Krystal Gibson, program analyst for the Indiana University Public Policy Institute, said increased cost makes it more difficult for many to get out of pretrial detention.
"Research does show that detaining people before their trials, it really increases their risk of future criminal behavior," Gibson reported. "It can harm the defendant, their family and community, and it disrupts an individual's life."
According to the report, eliminating cash bail could help reduce those racial disparities, since it would level the field for all ethnicities, regardless of the charges they face. Its authors point to New Jersey, which reduced its dependence on cash bail, and saw a 35% decrease in its jail population.
Come July, Indiana will enact a new law restricting the operation of charitable bail funds.
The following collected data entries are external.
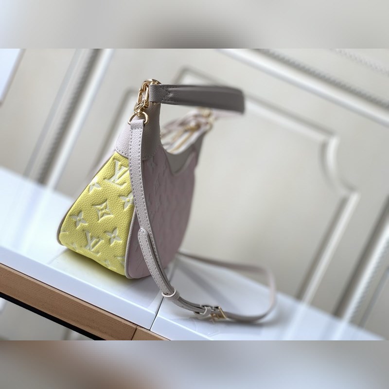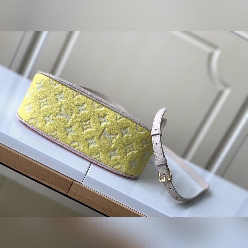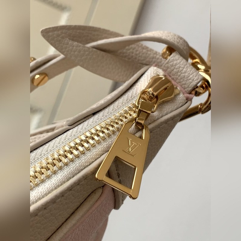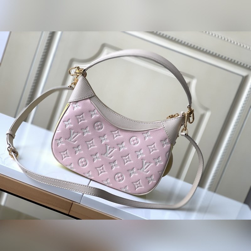 LV 바가텔 핸드백 모델 46113 핑크 이 Bagatelle 핸드백은 모노그램 앙프렝뜨 소프트 그레인 가죽으로 만들어졌으며 대비되는 색상의 큰 엠보싱 패턴이 특징입니다. 탈착식 손잡이와 길이 조절이 가능한 탈착식 어깨끈으로 트렌디한 스타일로 휴대할 수 있습니다. 크기 22 x 14 x 9cm(길이 x 높이 x 너비)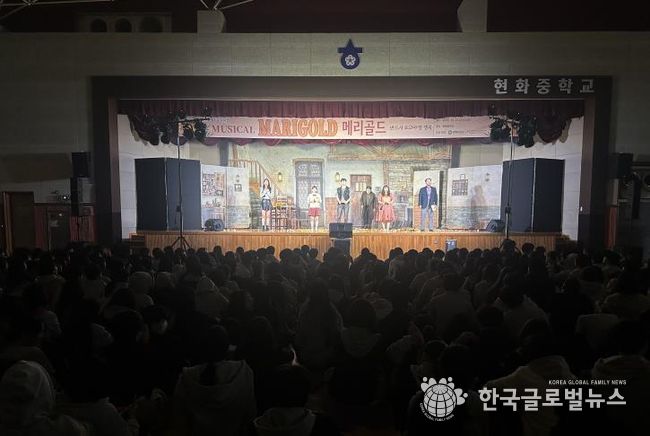 지난 10월 1일과 22일 ▲동일공업고등학교 ▲현화중학교에서 진행된 뮤지컬 '메리골드'는 옴니버스 형식으로 구성되어, 서로 다른 사연을 지닌 인물들의 이야기를 통해 청소년들이 가족과 친구, 그리고 자신의 삶을 되돌아보며 생명의 소중함과 공감의 가치를 느낄 수 있도록 기획됐다.
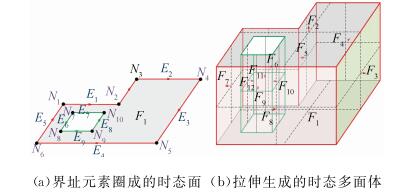 2) 若公共时态面上的时态边除该时态面外还被其他两个时态面共用,分为两种情况:一种是两时态面共面,则注销该时态边,如图 5(b)中的e3;另一种是两时态面不共面,保留该时态边,如图 5(b)中的e1。若公共时态面上的时态边除该时态面外还被其他3个或3个以上时态面共用,则该时态边不能被注销。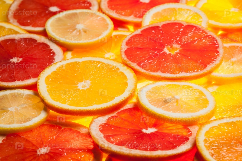 Красочные цитрусовые - лимон, апельсин, грейпфрут - фон ломтиков. с подсветкой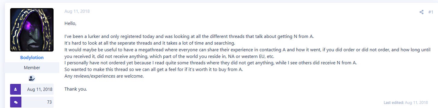 The incel/looksmaxxing rabbit hole is a very dark one given the connection to the suicide-for-profit website, Sanctioned Suicide. Sanctioned Suicide, also founded by Small and Galante, is an internet forum known for suicide discussion and encouragement. Small and his supporters try (poorly) to pass the website off as a place for honest and open discussion of suicide, but in addition to posting detailed instructions, tips, and stats on various suicide methods, Sanctioned Suicide is also home to “sellers” of poison and suicide kits, which they peddle to people at their lowest in hopes of turning a profit off of their deaths.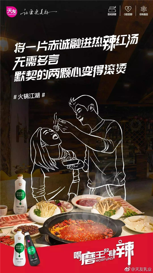 此外,11月26日,2018腾讯火锅狂欢节盛大启幕,以“了不起的重庆火锅”为主题,将在全重庆100家主流火锅店展开为期3个月的美食巡礼。为了将产品更快推向市场,天友乳业联手此次活动:腾讯火锅狂欢节期间,凡参与互动的网友,均有机会免费品尝天友全新推出的植物蛋白饮品——餐见磨王。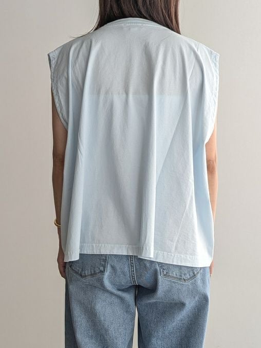 コットン100%のノースリーブワイドカットソー。全体的に横にゆとりを持たせて前見頃を短めにしたデザインカットソーです。肌触りも柔らかく程よく馴染んでくれます。短めの着丈ですのでワイドなパンツやスカートなどのボトムもバランスよく着用いただけます。スリーブは広めですのはインナーは必要です。ネイビー以外は多少の透け感がございます。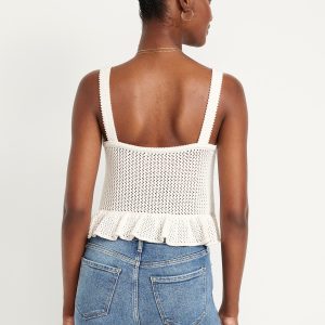 Sleeveless Open-Stitch Peplum Sweater: scoop neck, wide straps, floral appliqué accents, ruffled peplum hem, #761610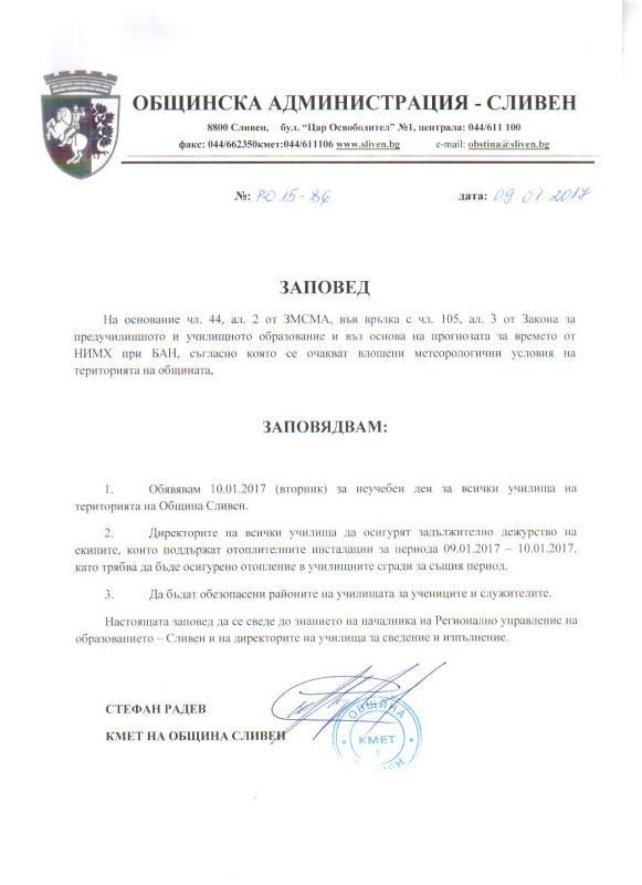 Кметът на община Сливен Стефан Радев със своя заповед № РД-15-86/09.01.2017 г. обявява 10 януари – вторник, за неучебен ден. Причината е тежката зимна обстановка и необходимостта от превантивни действия.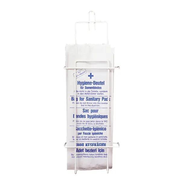 Diese Halterung bietet eine diskrete und praktische Lösung zur Aufbewahrung von Hygienebeuteln in Sanitärbereichen. Mit einer weißen Beschichtung versehen, integriert sich das Drahtgestell unauffällig in das Interieur von Damentoiletten und gewährleistet durch seine Wandmontage eine platzsparende und griffbereite Positionierung der Beutel.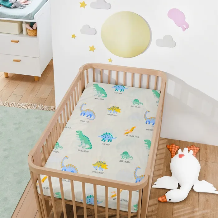 Простыня на резинке "Крошка Я" Динозаврики 60*120+20 см, бязь 125 г/м2, хл 100%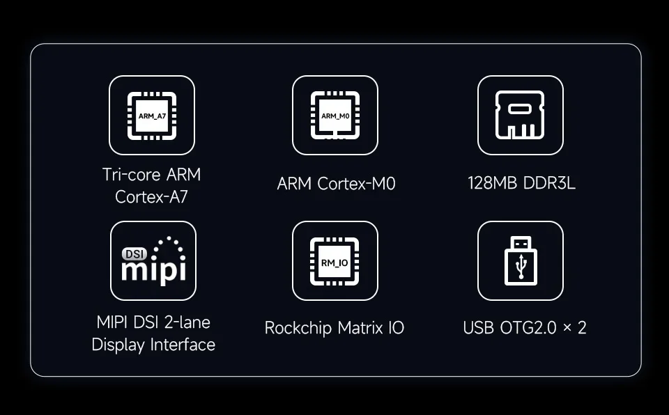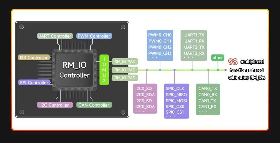 CPU heterogénea multinúcleo, compatible con la pantalla Raspberry Pi DSI, soporte RM_IO (multiplexación PWM, UART, I2C, SPI, CAN y otras señales de funciones), ADC, interfaz RMII reservada, etc.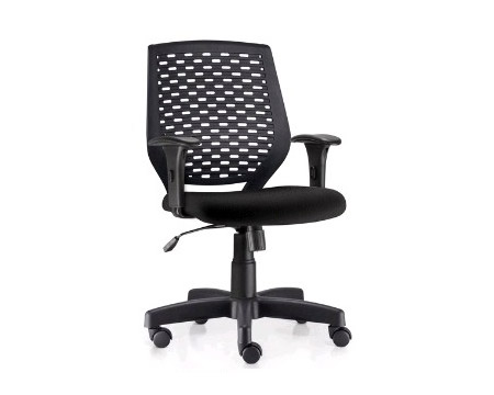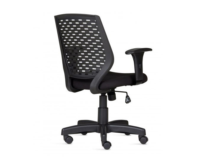 Encosto estruturado em quadro de aço carbono tubular revestido em tela flexível à base de poliester de cor preta.

Among other restrictions, the law would prevent charitable funds from bailing out people charged with a violent crime.
Gibson said the policy could potentially push detainees to rely more on for-profit bail-bond companies, which still are permitted to bail out those facing violent-crime charges.
"When you use a bail bond agency, individuals have to pay several fees, including this 10% nonrefundable fee, no matter the outcome of the case," Gibson pointed out. "And that can be thousands of dollars."
The policy currently is facing a lawsuit brought by the American Civil Liberties Union on behalf of the Bail Project, a national bail fund whose Indiana operation is likely the largest such fund operating in the state.
The two groups argued, among other things, the policy violates the Bail Project's constitutional right to equal protection under the law, as it was drafted essentially to solely target their Indiana operations.